お祭りかぁ……この世界のお祭りってどんなものなんだろう……?
日本でのお祭りみたいに屋台とか出るのかな……あ、でも露店とか屋台はこの世界だと普通にあるか。
俺が原因と言えるのかわからないけど、皆が楽しそうにするのは悪い事じゃないね、うん。
「おっと、話し込んでしまいましたね。まずはリク殿の部屋へ案内させて頂きます。長旅……ではなかったんでしたね……まぁ、荷物もあるでしょうから、そこに置いておくと良いでしょう」
「わかりました、案内お願いします」
「リクさんの部屋ってどんなのかしら?」
「王城だからな……きっとどのような宿にも負けない部屋だろう」
ハーロルトさんが俺達を先導して、部屋を出ようとした所で、思い出したように振り返った。
「あぁ、そうでした。
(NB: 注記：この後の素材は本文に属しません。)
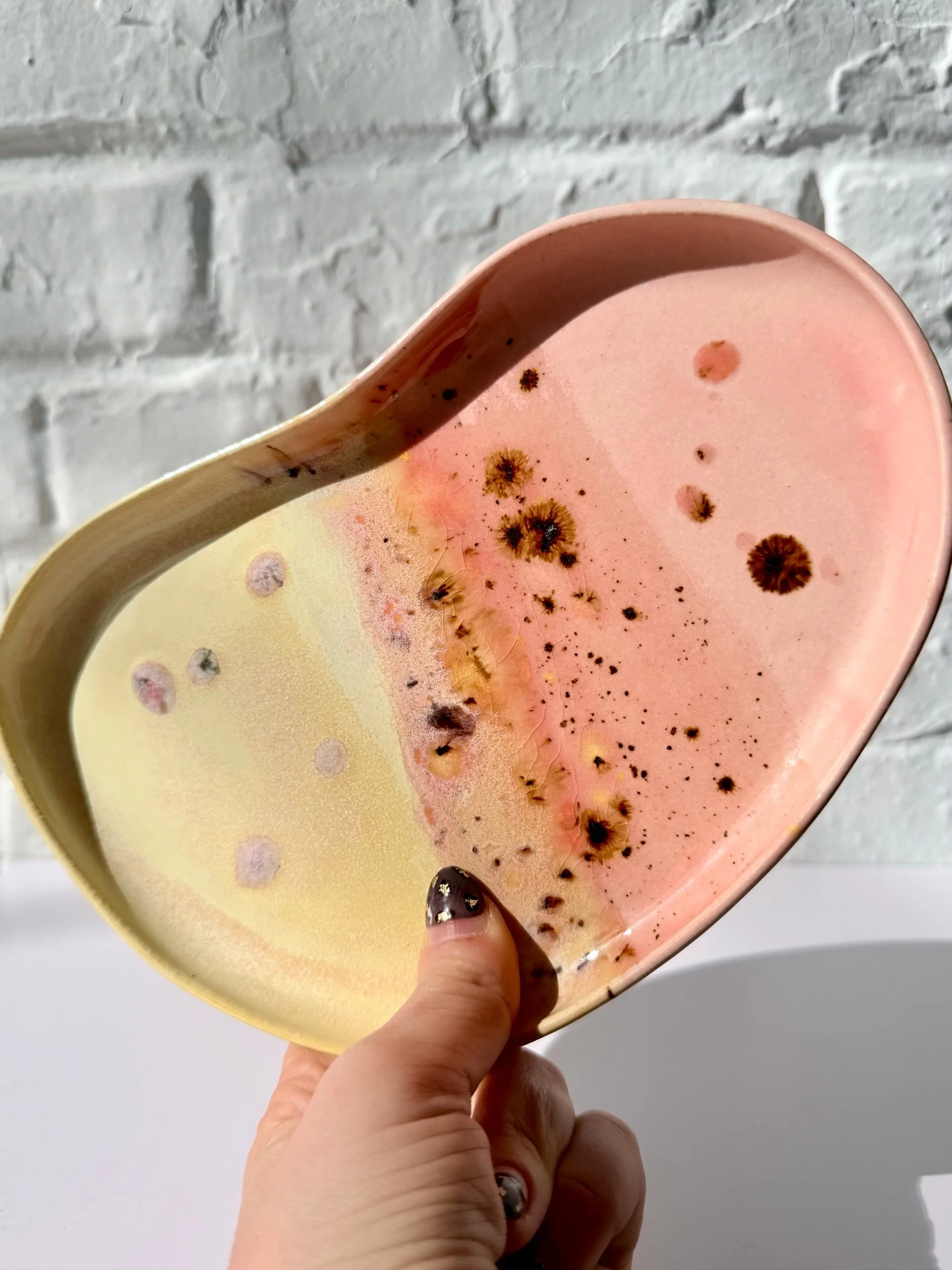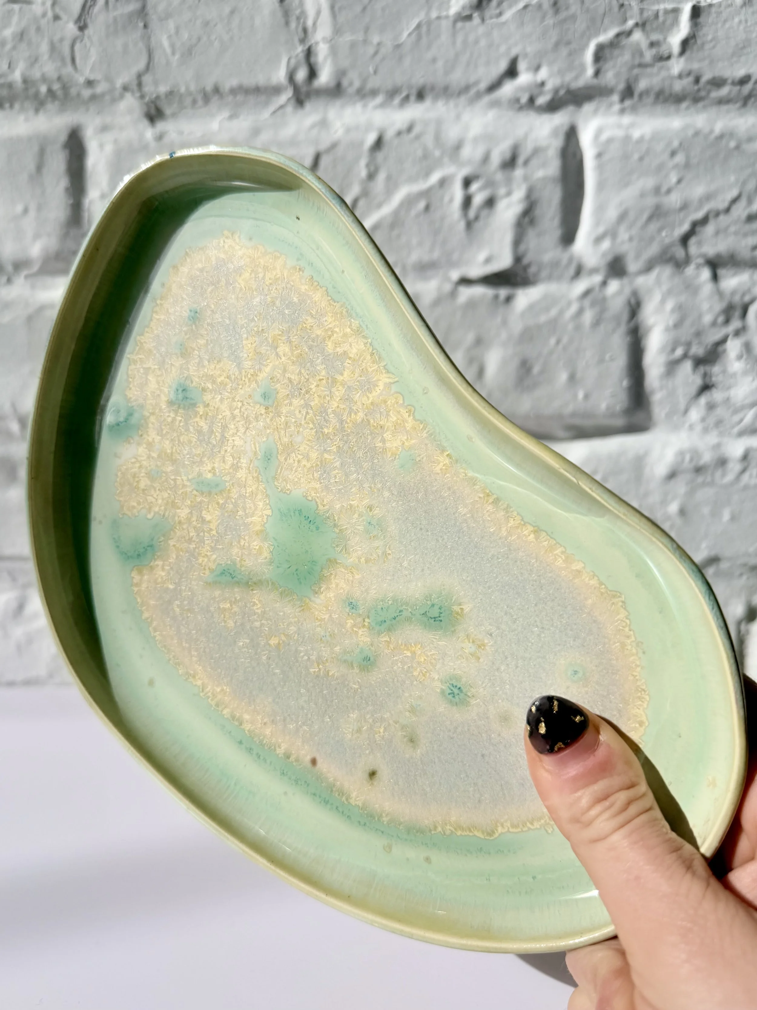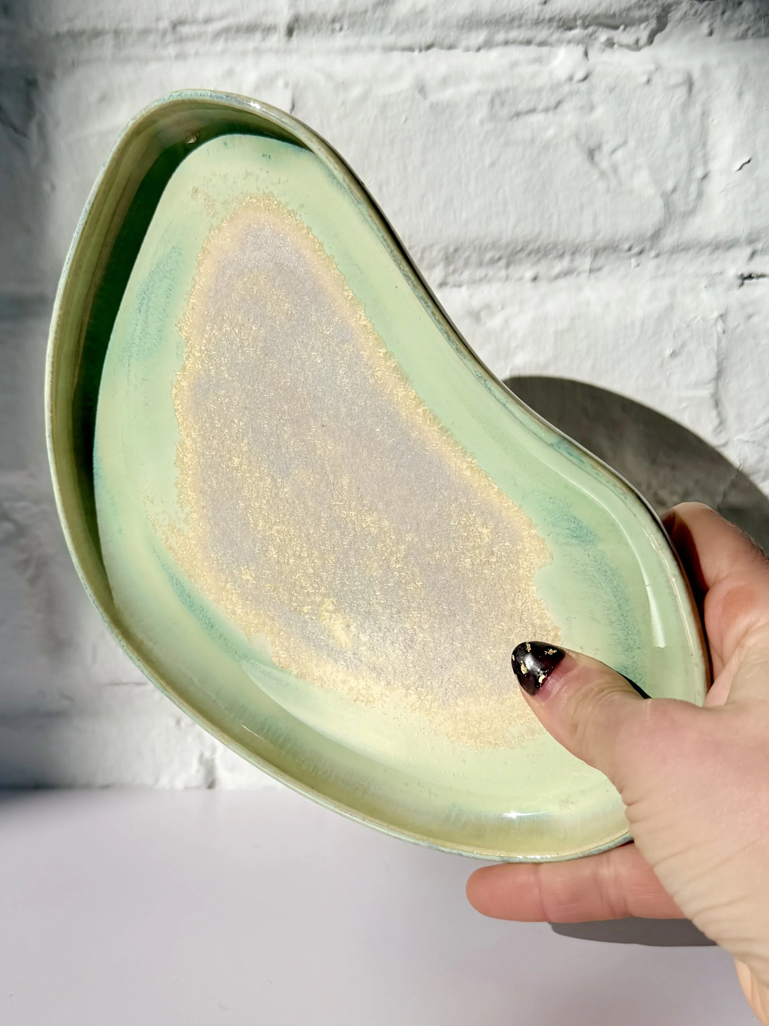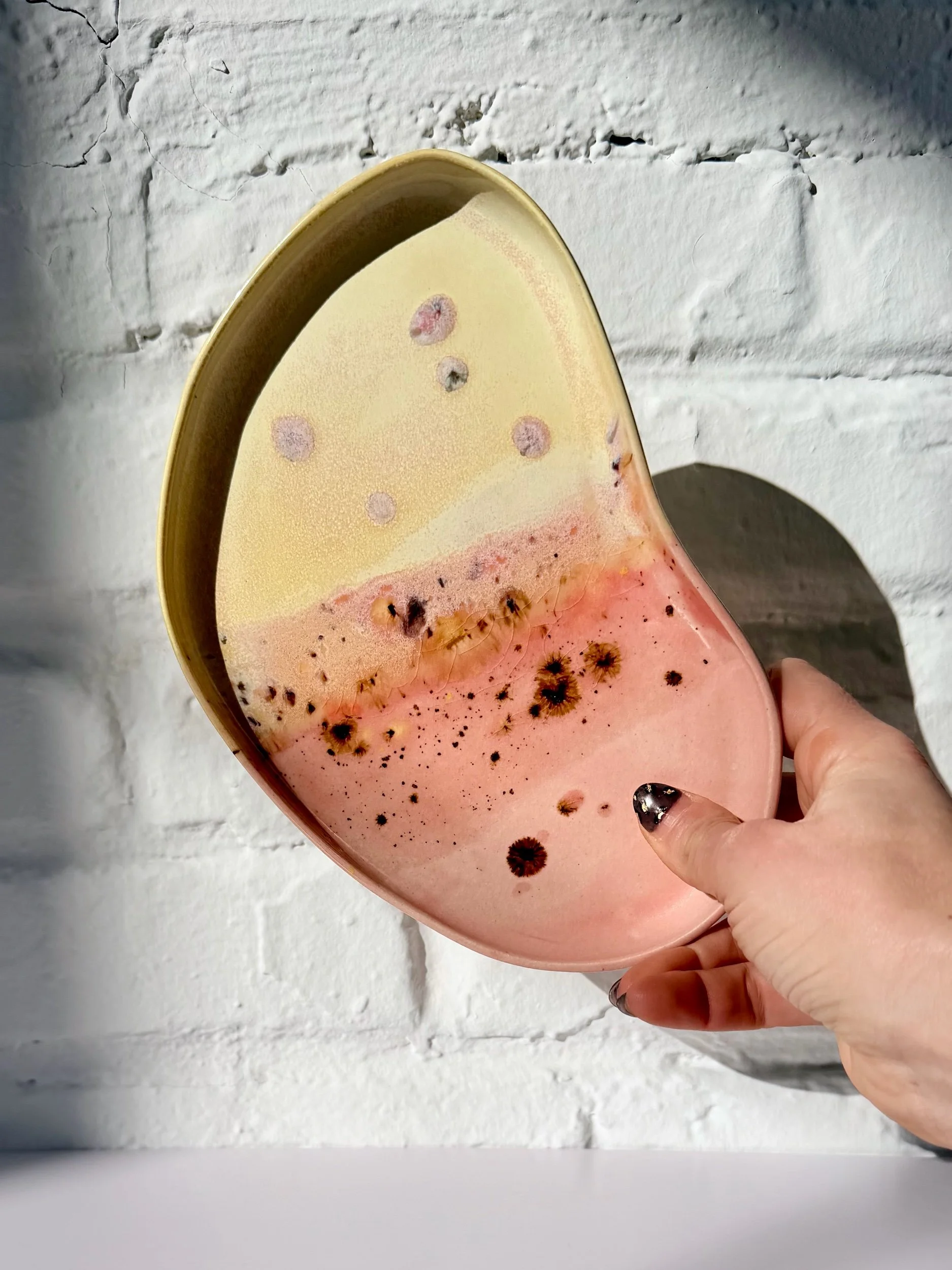 The Orbit Duo Platter is a handmade oval ceramic piece designed for everyday versatility. Featuring an attached small bowl, it can be used for serving, holding small objects, or styling as a simple catchall. Each platter is one of a kind, made to bring quiet beauty and function to any space.

皆様、申し訳ありませんが……武器の類はこちらでお預かりさせて頂きます」
「武器をですか?」
「あぁ……王城内だからな、仕方ない」
ハーロルトさんの言葉に、俺は理由がわからなかったけど、マックスさんは納得したようだ。
他にも、モニカさんやソフィーさん、マリーさんもわかっているようで、持って来ていた武器類を外している。
何でも、王族や貴族等、国の重要人物がいる王城内では、一部の者以外は武器の携行は禁止だそうだ。
成る程、防犯のためか……それなら仕方ないね。
俺も先日買った剣をハーロルトさんに預け、代わりに木札を受け取った。
城を出る時には、その木札と交換で武器を返してもらえるそうだ。
「では、参りましょう」
ハーロルトさんに案内されて王城の中に入る。
モニカさんとソフィーさんは、俺が過ごす予定の部屋に興味が有るようだ。
マックスさんやマリーさんは、城へは初めて入ったらしく、内装を見て感心している様子だ。
ユノは……キョロキョロして楽しそうだな。
ちなみにエルサは、王都に入った時から俺の頭でずっと寝てる……飛んで来たから疲れたのかな?
「こちらになります」
俺達が、城内の広さや、高級と思われる調度品に感心したり驚いたりしながら、ハーロルトさんに案内されて少し、俺が過ごす予定の部屋に到着した。
しかし、ここでしばらく過ごすのか……見た事が無い程豪奢な建物で、内部も相応だけど、リラックスして過ごせるかちょっと不安だ。
……エルサのモフモフがあればなんとかなるか、多分。
「おぉ……」
「広いわね……さすが王城」
「これで一人用なのか……」
「それなりに生きて来たが、これ程の部屋は見た事無いな」
「貴族の屋敷でも早々ないわね」
部屋の扉をハーロルトさんが開け、その中に入ると俺も含めた皆が圧倒されたように、口々に感想を述べる。
一人用と考えると、広すぎてどう使うのかわからないような部屋だ。
置いてある家具はあまり多くないが、大きなベッドやソファーが目を引く。
日本の基準で考えると、20畳……いや、もっとありそうだな……。